『兵士の記録〜エリック・マーディアス〜第三部』-57
第二十話 《変後暦四二四年二月二二日》
通信機から聞こえてきた声に、思わず注意を引き付けられるエリック。
『今の場所は?』
『SS8の三〇八研究室、付近の味方部隊は撤収した模様』
『了解。……ご苦労だった』
「……」
司令官とX2のやりとりを聞いて、エリックは焦って進路を変更する。
今の会話からすると、どうやら司令部はX2を助ける気が無いようだ。
「ちょっと、何処行くのよ?そっちはSS区画よ!?」
驚いたように声を上げるローラ。SS区画に残された時間は少ないのだ。
「すまんが、格納庫までの道は確保しておいてくれっ!」
一言言い残すと、後は振り返りもせずに走るエリック。後ろからローラの声が聞こえたが、追いかけてくる様子は無かった。SS8はSS区画の西側、此処からなら比較的近い。
間に合うかどうかは五分五分だろう。
「間に合ってくれよ……」
念じるように呟きながら走っていると、ジュマリアの戦闘服を着た部隊と遭遇した。
彼らは壁のパネルで、何か操作をしている。
「何してる?」
少し離れた場所から、エリックは訊ねる。兵士達は一瞬警戒したようだが、すぐにエリックに対しての警戒を解いた。
「ここからがSS区画だからな。ゲートを閉鎖するのさ」
「何!?」
軽く答えた兵士に、走り寄りながら思わず聞き返す。
「まだX2が取り残されてるだろうがっ!」
激昂したエリックは、思わず兵士の胸倉を掴んで、壁に押し付ける。
「仕方ないだろうっ!H・S一体の為に基地全体を危機に晒す気か!?」
兵士の言う事はもっともだ。人一人…ましてや兵器のような存在であるH・Sの為に、自分の命を危険に晒したりする者はまず居ない。それは、司令官とX2の通信でも明らかだ。エリックは、熱くなっていた思考を鎮め、自分を諫める。
「………できるだけ延ばせないか…?」
「そうだな……できて後五分というところか…」
「…判った。それで頼む」
答えを聞いた瞬間、エリックは駆け出していた。SS区画へと。
「おいっ、何を考えているっ!?」
後ろから何か兵士達の声が聞こえていたが、すぐに聞こえなくなる。
エリックが全速力で走り、とっとと曲がり角を曲がってしまったからだ。
「………ちっ!」
やけに長く感じる通路を走りながら、エリックは自分の行動に舌打ちしていた。
自分の、愚かな行動に対して。
別に、X2に対して特別な感情は持っていないと思う。

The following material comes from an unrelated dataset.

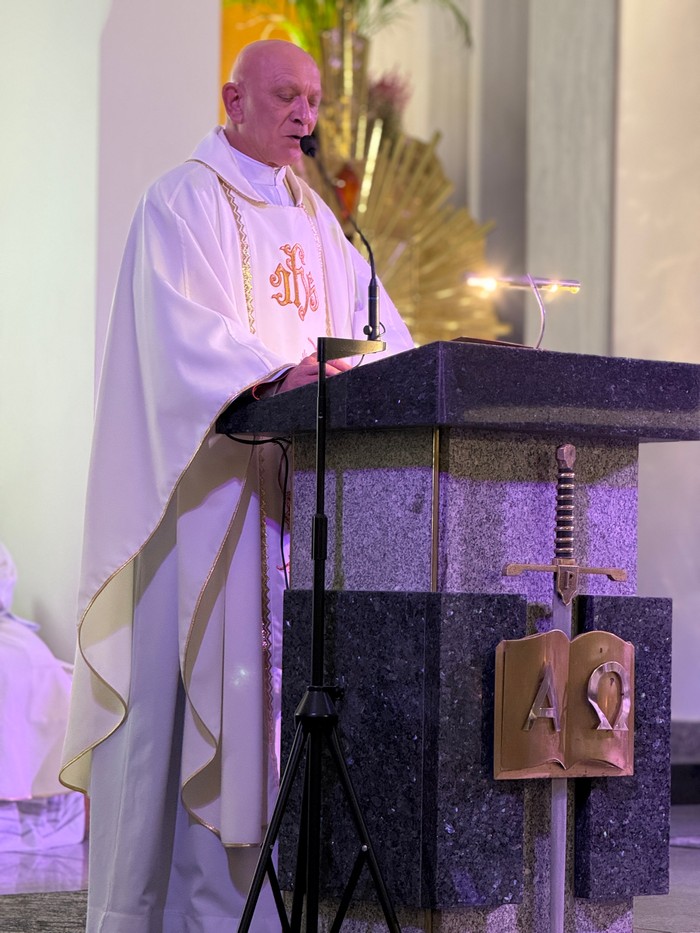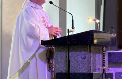 W homilii biskup kaliski wspominał pierwszego proboszcza ks. prał. Czesława Majorka i parafian, którzy podjęli dzieło budowy kościoła:

X2は、あくまでもX2なのだ。
自分が今必死に助け出そうとしているのは、恐らくクリスの幻影。
命を捨てるような行為は、自分を今まで助けてくれた者達への冒涜に他ならない。
そしてX2をクリスと混同するのは、X2に対する侮辱でもある。
意味の無い、馬鹿馬鹿しい事だと判ってはいるが、それでも身体は止まらない。
X2が居るらしい三階。そこに向かう階段を駆け上がると、銃声が聞こえた。勢い余って通路に飛び出し、直ぐに引っ込む。

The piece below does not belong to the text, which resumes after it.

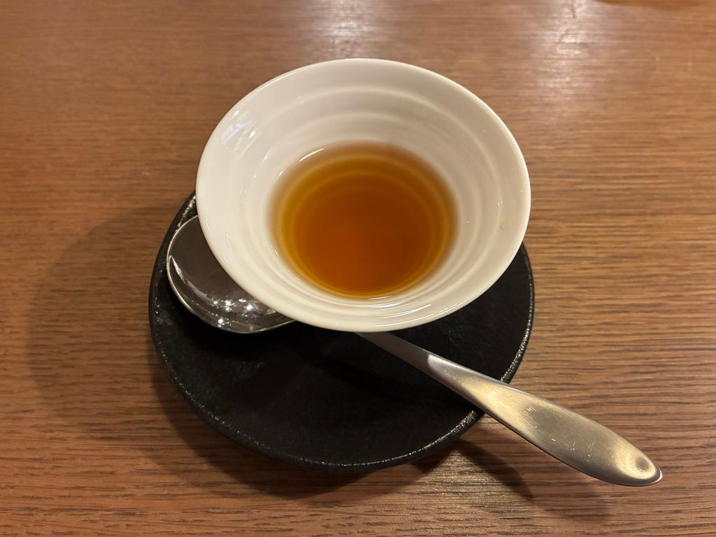 コンソメとキノコのスープが登場!旨味のある深い味わいで、ホッとする時間が流れます。続いては・・・

さっきの一瞬で、エリックに背を向けてマシンガンを撃っている敵兵達を見つけてしまったのだ。恐らくその先に、三〇八研究室があるのだろう。そっと顔を出し、廊下を伺う。
研究室のドア…があったと思しき場所から銃が覗き、銃弾が敵兵を威嚇する。
だが痛覚も恐怖もないらしい敵兵は、構わず研究室へと進んでいく。その数四人。さすがに真正面から、この狭い通路で戦うのはキツいだろう。

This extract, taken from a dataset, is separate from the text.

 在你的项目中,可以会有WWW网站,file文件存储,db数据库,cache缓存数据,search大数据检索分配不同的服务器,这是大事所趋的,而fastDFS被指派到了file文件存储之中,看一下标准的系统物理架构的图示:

そう考えれば、短時間で拠点を制圧するのには、この敵兵は向いている。
何しろ、物陰に隠れて敵の様子を伺ったりする行動が一切必要ないのだ。
「X2の手は、もう無いみたいだな……」
何度か爆薬も使ったのか、通路の壁には煤けた跡や原型を留めていない死体がある。
恐らく、今までの戦闘で爆薬の類は使い切ったと見て良いだろう。